On the first day you must try typical Galician portions: Galician-style octopus, pie, razor clams, mussels, cockles, or sardines and pilchards, if in season, or “zorza” (marinaded pork), ham foreleg, “carne ao caldeiro” (boiled meat) and, of course, Padrón peppers, also in season, always accompanied by Galician wine with “tarta de Santiago” (almond cake) for dessert. Where to eat
First thing after lunch, we head towards the City of Culture of Galicia, Cidade da Cultura de Galicia (CdC). This magnificent and unusual building, by New Yorker architect Peter Eisenman, is a must. Besides, the City of Culture of Galicia organizes interesting temporary exhibitions and cultural activities which will only add to the visit.
Back in the old town, we suggest a walk towards the two main parks and gardens that offer panoramic views of the monumental district: San Domingos de Bonaval and Alameda. Bonaval also features two interesting museums. That is the location of Galicia’s main ethnographic museum, Museo do Pobo Galego, housed in the rooms of the former convento of San Domingos de Bonaval, with a beautiful Gothic church and a fantastic baroque triple spiral staircase.
Also in Bonaval is the CGAC (Galician Contemporary Art Centre), which stands out due to its artworks as well as the building itself, designed by the internationally renowned Portuguese architect Álvaro Siza. Both museums share San Domingos de Bonaval Park, which occupies the former convent grounds and provides unique views of historic Santiago.
Before dinner, let us head for the centrally located Alameda Park, the city’s most distinguished and popular park, and a privileged viewpoint overlooking the old town: from there we have the best snapshot of the Cathedral façade rising up in the background.

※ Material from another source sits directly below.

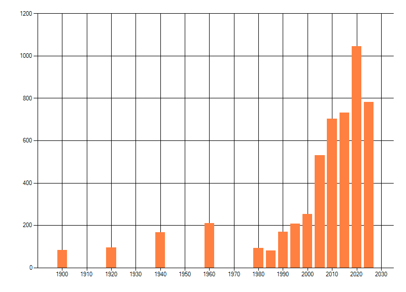 Het aantal atlasblokken (5x5 km) waarin de soort is gemeld binnen een periode van vijf jaar (vanaf 1980) of twintig jaar. Niet gecorrigeerd voor waarnemersinspanning en het aantal doorgegeven waarnemingen kan sterk variëren per periode, dus een trend in verspreiding kan hier niet direct uit worden afgelezen. Het opgegeven jaartal is het eerste jaar van de periode. Bron: gevalideerde waarnemingen uit de NDFF.

Cuisine d’auteur in any of the restaurants featuring exquisite new Galician gastronomy. Where to eat
For the first evening, undoubtedly a quiet drink in any of Compostela’s classic clubs. Going out at night
The photogenic “Mercado de Abastos” is the city’s main and most traditional food market, as well as the most visited site after the Cathedral: a highly authentic market that speaks of gastronomy (there are countless types of fresh fish and seafood, but also fruit, vegetables, flowers, cheese, etc) and regional customs, in a building that is a monument per se. Except Sundays, it opens every day in the morning from approximately 8 am to 3 pm. The main days, with the greatest number of sellers and produce, and the most visitors, are Thursdays and Saturdays.Beside the Market is the Geography and History Faculty of the five-hundred-year-old University of Santiago, with a magnificent Library and Auditorium, which can be visited with Guided University Tours, along with its terrace, with a wonderful panoramic view of the old town from high up.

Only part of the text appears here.